RETURNING FROM a visit to Britain, where temperatures reached new highs and jelly fish swarmed into the shallows as holidaymakers sought refuge in the sea, it has been all go. Visiting Lagos Finanças before flying out on June 22, we were told that it was too early to licence our cars. With the deadline of July 16, as soon as we came back it was our first priority.
To date, the electronic system intended to simplify the whole process has been, as far as I am concerned, a dead loss. After several attempts, I failed to obtain the last part of my licence, an essential document to be printed and presented along with the money or, in the event of using an ATM, offering other information required by Multibanco.
With instructions from the Association for Foreign Residents and Property Owners in Portugal (AFPOP) alongside my computer, I obtained my password, a reference number and my ID; all of which must be noted for future use, when legalising my small run-around. We had a dummy run at doing it the old way, but took fright on seeing at least 50 people waiting outside the Câmara building, and the same number inside. The next day, a friend said: “Try at the post office,” but this proved impossible without the final printout. An acquaintance sent me to the new retail park at Portimão. She had taken her Livrete and Cartão de Contribuinte to the Staples store and bought the vehicle stamp there.
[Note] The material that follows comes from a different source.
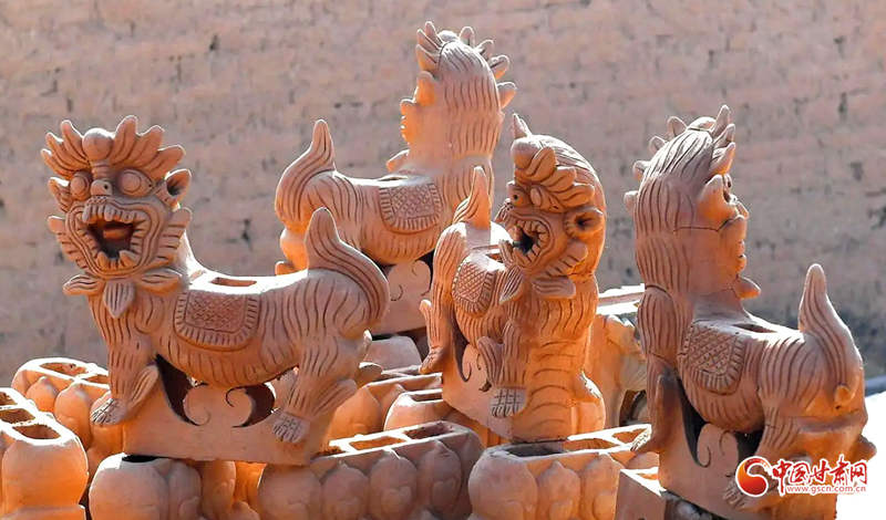 甘谷脊獸的傳承,是刻在家族基因里的。清光緒年間,永安村人張海以出神入化的脊獸捏制技藝聞名,人稱“張大獸”。他將驅(qū)邪納福的祈愿、善惡有報的傳說揉進黃土,讓冰冷的屋脊有了溫度。

However, the papelaria had sold out by the time I reached it, so I was told to visit the Finanças – back to square one.
After a two hour struggle and the temperature at 90 degrees in the shade and climbing, I called into the AFPOP office, where I was told we had an extension until July 31.
It was good to have a couple of weeks in the old country and to see the family, if only for a few days. After visiting our stomping grounds in Somerset and meeting old friends, none of whom appear to have aged, we went shopping, deciding that Weston-super-Mare had gone to seed and was a place to be avoided.
Flying from Bristol to Newcastle and back was akin to being herded like cattle to an abattoir – shoulder to shoulder in an overcrowded departures area, then crammed in grossly overloaded buses from terminal to plane. Boarding became a free for all, women with small children were trapped in the crush, instead of being allowed to take their seats first.
The time in between these flights was spent in the sparsely populated Northumbrian hinterland, its fields shaven close, after the first cut of silage grass had been baled into black plastic rolls. Driving alongside Hadrian’s Wall one misty morning, past the gaps where centuries of peasants had taken stones for building purposes, it bore no resemblance to the defences ordered by Emperor Hadrian, when he visited Britain in AD 122. Unable to subdue the Picts among the remote mountains of Caledonia, he cut his losses and walled them out.
Was he turning in his grave today, I wondered, now that the Scottish influence at Westminster threatens to dominate south of the border, and we are paying taxes set by a man from Kirkaldy? With costs soaring at Holyrood, our money is being diverted from essentials to pay for this new parliamentary pile north of the border.
Such thoughts were soon forgotten as we approached a small village called Talking Tarn within a few miles of Carlisle. Six of us were to meet for lunch at the pub, our combined ages adding up to something over 500 years. As one well past the ‘sere and yellow leaf’ of Shakespeare’s day, there is an added spice to such meetings and, while none of us were without physical limitation, the unadulterated pleasure taken in each other’s company was a joy.
The remainder of our time was spent near Tenby, among the rich green fields and woods of west Wales on the family smallholding, a short drive from the beach. Children, grandchildren and their partners joined us for a few days and, being a first ever gathering of the clans, it became a celebration.
Accommodation being at a premium, number one daughter pitched her tent on the lawn, but when a thunderstorm broke in the night and the tent leaked, she moved into one of the caravans nearby. Our young granddaughter, in her large shiny car, painted British racing green, chauffeured us round the beauty spots. With the Boss’s guidance, we became lost in a maze of narrow country lanes. Tall, unkempt hedges, draped with honeysuckle and bright with foxgloves and Meadow Sweet, brushed the limo’s sides, while between the wheels, a hump of weeds nudged its sump for mile after mile.
Expecting a farmyard round every corner, finally we found a finger post pointing to our destination – the lily pools of Bosheston, where there are otters and a wide variety of waterfowl. Coots pottered about on top of the lily pads and a heron, up to its hocks in clear, still water, waited for something edible to drift by. A magical place. Then on to Saint Govan’s Head, close by the firing range at Castle Martin, to visit a tiny chapel built by an Irish saint in the sixth century AD. Seventy-four steps down a near vertical cliff, it is a place of peace and contemplation. Having no internal walls and built into the rock, there is a fissure where it is said Saint Govan hid from pirates and left the imprint of his ribs.